The trouble is, Hollywood is a place where secrets remain under wraps only for as long as it takes to dial the producer of Entertainment Tonight. The escalating value of these annual gift bags soon became fodder for talk shows and celebrity magazines.
The cat was completely out of the bag once news of the goodie bag boondoggle went mainstream. In an ironic example of art imitating life, the tradition was immortalized in an episode of “The Sopranos,” in which Tony’s nephew, Christopher, literally decks Lauren Bacall in order to steal her cache of freebies. (To the best of my knowledge, this segment has never been nominated for an award.)
Finally, gift bag values reached such epic proportions the IRS crashed the party.
Last year, the Internal Revenue Service launched what it called “an outreach campaign” to educate the entertainment industry about “the distribution of celebrity gift bags and goodie bags in conjunction with appearances by the stars at award shows and other gatherings.”
The main message was that, as stated in Section 61 of the Tax Code, “gross income means all income from whatever source derived, unless excluded by law.” This includes “income realized in any form, whether in money, property, or services. (Emphasis added.)
In other words, it doesn’t matter that the stars didn’t receive cash for their participation. Under federal law, those goodie baskets represent income, which means recipients should have been declaring it and paying income tax on it.

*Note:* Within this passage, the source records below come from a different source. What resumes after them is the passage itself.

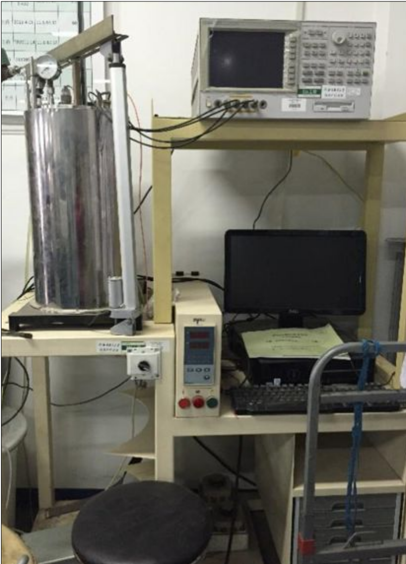
Fig. S1 - Image of dielectric testing machine.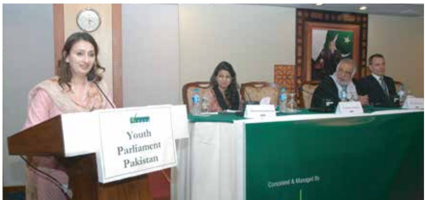
Ms. Maleeka Bokhari , MNA; Parliamentary Secretary Law & Justice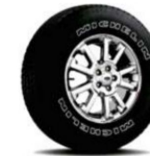
18" Machined-Aluminum Standard on Limited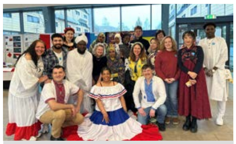
ESOL Students celebrated International Day on 10 December 2024 and raised over £600 for UNICEF. Well done to all involved.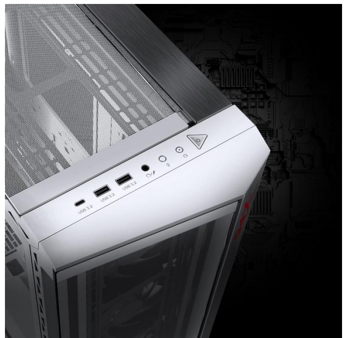
Efficient I/O Panel Design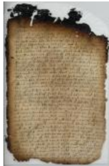
Flushing Remonstrance (NYSA_A1809-78_V08_0625)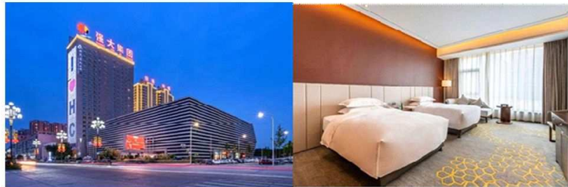
GRAND SKYLIGHT HOTEL OR SML 韩城格兰天酒店或同级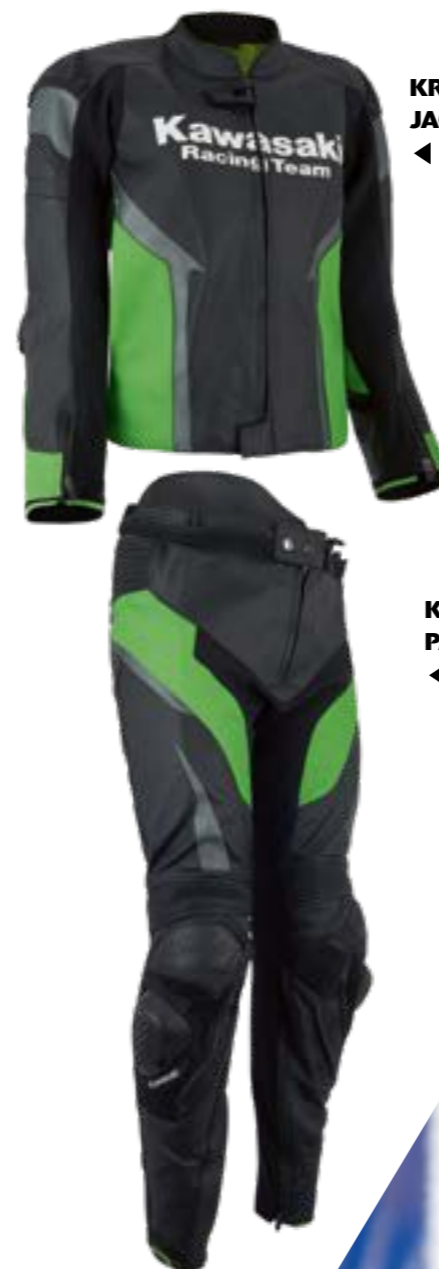
KRT LEATHER JACKET

Be prepared for any riding situation with our stylish range of riding gear. Made from the highest quality materials, our hard wearing clothing accessory range will never let you down. See the whole range at www.kawasaki.eu/accessories

Playfully explaining this in Hollywood terms, IRS Commissioner Mark Everson said, “There’s no special red-carpet tax loophole for the stars. “
Late last summer the IRS and Academy of Motion Picture Arts and Sciences reached an agreement, with the academy paying back taxes for gift baskets given out through 2005. A similar agreement was reached with the Hollywood Foreign Press Association, sponsor of the Golden Globe Awards. Each sent tax notices to the celebrity presenters who participated in their 2006 ceremonies detailing the value of their “free” gift baskets and informing recipients that they were personally responsible for the taxes due.
To satisfy my curiosity, I decided to follow the IRS’ lead and “reach out” to these two venerable Hollywood organizations. Turns out, the value of each gift basket handed out at the Golden Globe Awards was … zero. Same story for the upcoming Academy Awards.
Like an embarrassingly bad scene in a movie, the concept of goodie bags has been relegated to the cutting room floor. Cancelled. Or, as they say in Tinsel Town: “The End.“
Leslie Unger, spokesperson for the Academy of Motion Picture Arts and Sciences, said the academy voted to discontinue the practice because they “didn’t feel it was appropriate to be thanking people with something that brought with it a tax burden.”
The lesson for all of us as we sort through our records to prepare our 2006 tax returns is that “income” comes in many forms. Here are a few more examples:
*Certain legal damages for personal injury or sickness
*Fringe benefits such as an employer-provided car
*Business gifts worth more than $25
*Discharge from indebtedness
The last item means that if you owe money to a creditor and work off your debt by performing services (for instance, mowing the grass or painting some apartments for a landlord), you’re supposed to report the value of your cancelled debt as income. Or, if a creditor agrees to write off the rest of your debt if, say, you pay 60 percent of what you owe, the remaining 40 percent should be declared as income.*
Remember, Elliott Ness didn’t put Al Capone behind bars based on racketeering charges; he was convicted of tax evasion. And that didn’t just happen in the movies.
Happy 1040 season!
*In general, debts that are cancelled as a result of going through a bankruptcy proceeding do not have to be declared as income.